Why don’t the electrons in a galvanic cell flow through the half cells themselves?

Answer

Hi Roel,

To fix the thought I refer to Fig. 1, which depicts a typical galvanic cell. The electrodes, in this case a strip of copper and silver metal, serve as a landing stage for the electrons.

At the copper electrode the reaction takes place:

Cu(v) –> Cu²⁺ + 2 e^–

Because both electrons are attracted to the silver electrode, the copper electrode becomes positively charged. The electrons flow through the external wiring to the silver electrode. There the reaction happens:

2 Ag⁺ + 2 e^– –> 2 Ag(v)

(The number of electrons given off and taken up must of course be the same!). Due to the presence of those extra electrons, the silver electrode becomes negatively charged.

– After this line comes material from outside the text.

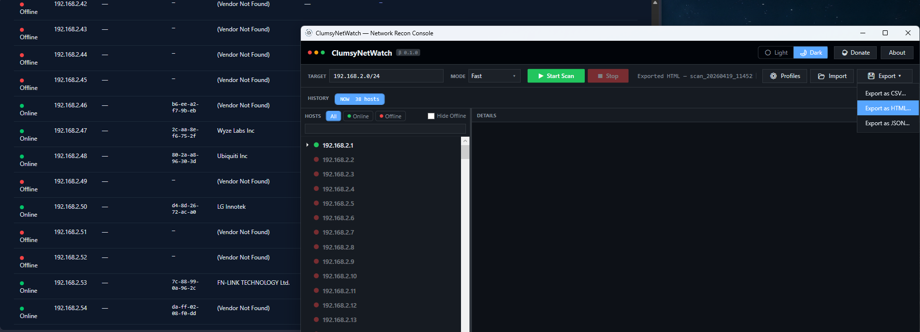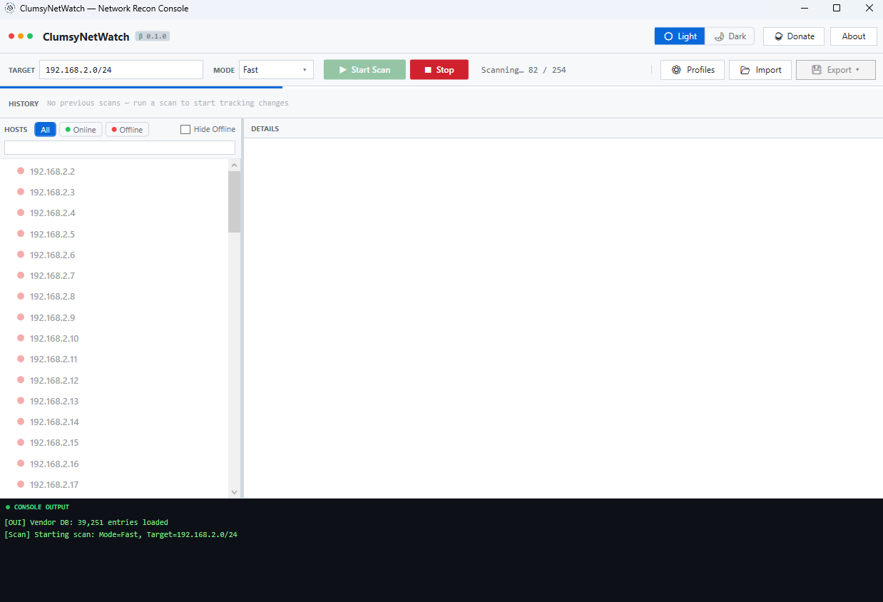 Only use ClumsyNetWatch on networks you own or have explicit authorization to assess. This is a reconnaissance tool, not an exploitation framework. Unauthorized network scanning is illegal and a violation of the Terms of Use.

The electrons cannot travel through the solution, because a “naked” electron is a very energetic particle, and would immediately undergo interactions with the molecules present. This is comparable to the damage that some types of radioactive radiation can cause, such as ionistasis and unwanted chemical reactions.

In a metal, on the other hand, the valence electrons are only weakly bonded, and can therefore move under the influence of a limited force, being the potential difference between the two electrodes.

In the solution, the ions present are electrostatically attracted to the electrodes: the copper electrode is positively charged, and will therefore attract ALL negative ions (anions). In our example that is sulfate (SO₄^2-) and the positive copper ions (Cu²⁺) push off. The sulfate ions are attracted to the electrode, but will not react there. The potential difference is not big enough for that. The silver electrode is negatively charged and will therefore attract all positive ions (cations) and repel the negative ones. In our example, the Ag⁺ that is attracted, and NO₃^– that is discarded.

In the external wiring the charge carriers are the electrons, in the solution the charge carriers are all ions present. This is clarified in Fig. 2.